It doesn't help that the "less sociable" are still often seen as inadequate rather than different, snooty and standoffish rather than temperamentally subdued, wet blankets and party poopers rather than fans of quiet enjoyment.

But one thing I always wonder - how do the socialisers keep up the pace? Where do they find the energy? Rushing from one social event to another, chattering nineteen to the dozen, organising ten things at once, keeping all the balls in the air. If I lived that way, I'd be chronically exhausted.

Excuse me while I unplug the phone and curl up on the sofa with a big fat book....

Sunday, 14 April 2013

Attention please

I've never been an attention-seeker. I'm quite happy to be invisible, out of the limelight, hidden away. I don't need other people to validate me or confirm my existence. In any social gathering, I'm content to be hovering somewhere on the sidelines while others gather a crowd of people around them.

I'm always intrigued by those who need a constant audience, the bigger the better, and whose every waking moment seems devoted to keeping themselves in the public eye. They'll wear the most outrageous clothes, tell the most appalling stories, divulge the most shocking habits, simply to keep other people watching. I really couldn't be more different.

It seems to me that courting attention is hazardous. I wouldn't mind all the praise and appreciation, but it would come with a side order of abuse and hostility that wouldn't be so pleasant. I find it hard enough to deal with abuse from one person; mass abuse from all and sundry would have me weeping in the bathroom.

Of course some attention-seeking is just a cry for help. The flamboyant, extrovert, loud-mouthed windbag who seems totally self-confident might secretly be chronically insecure and desperate for love and reassurance. Who can tell?

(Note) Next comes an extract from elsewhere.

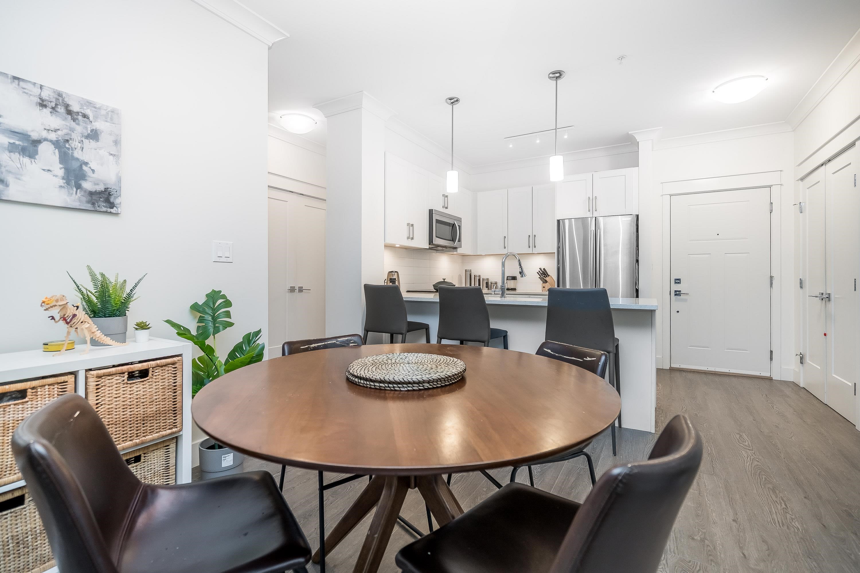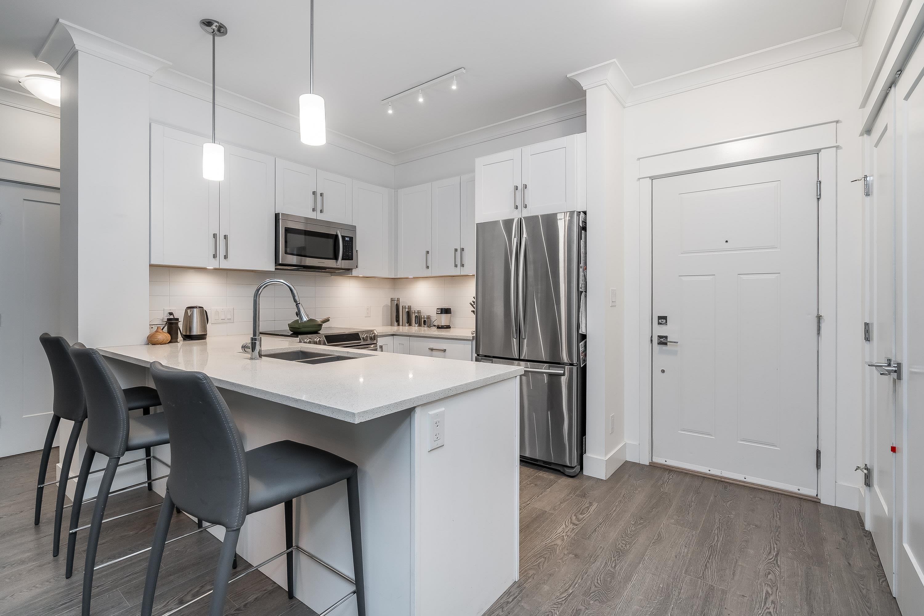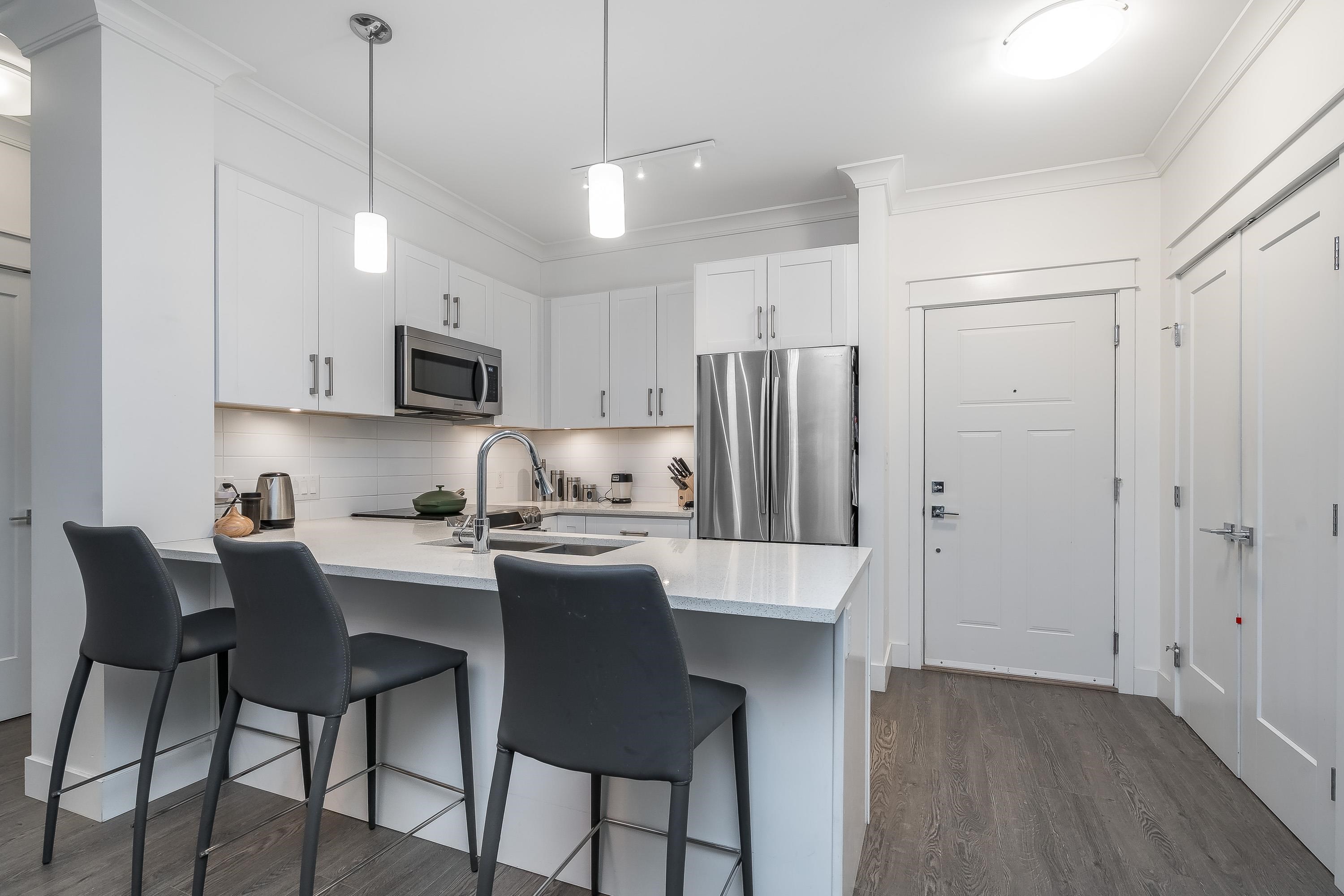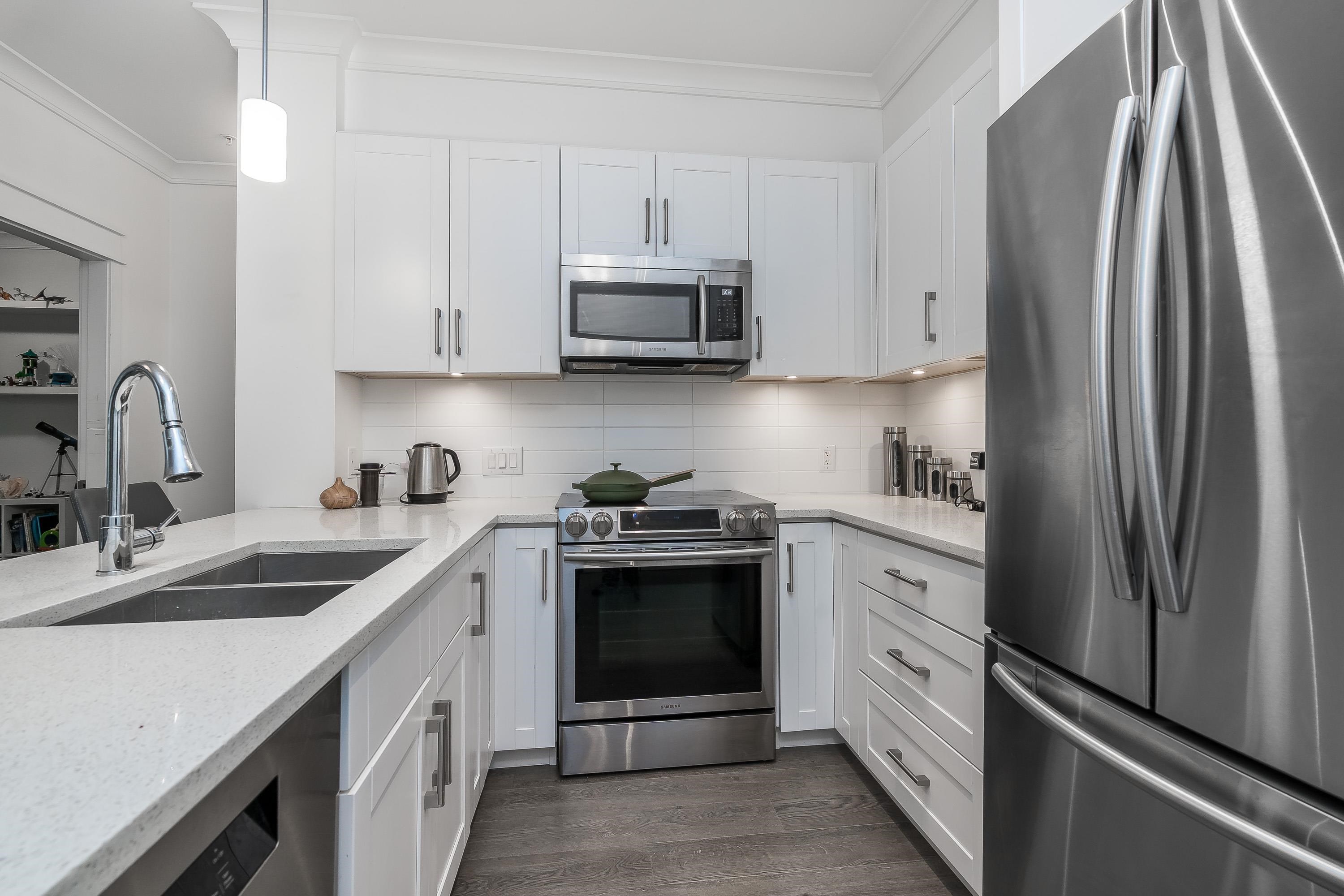 Welcome to this beautifully appointed ground-floor, courtyard-facing 2 bed, 2 bath home offering 881 sq. ft. of comfortable and well-designed living space. Featuring a superior level of finishings, including sleek stainless steel appliances, solid quartz countertops, shaker-style cabinetry, wood flooring, crown mouldings, and extensive wood trim. Enjoy seamless indoor-outdoor living with two private patios, perfect for relaxing or entertaining. Residents are surrounded by a central courtyard with a lavish w...

No, if you went to a big party I happened to be attending, you might never notice me at all. I'd be the shy, nondescript guy in the corner, possibly having an intense conversation with some equally shy, nondescript person, or possibly just nursing my drink and scrutinising the other guests. Far from seeking attention, I might be so unobtrusive that you'd leave two hours later without having even registered my existence. Which is just how I like it.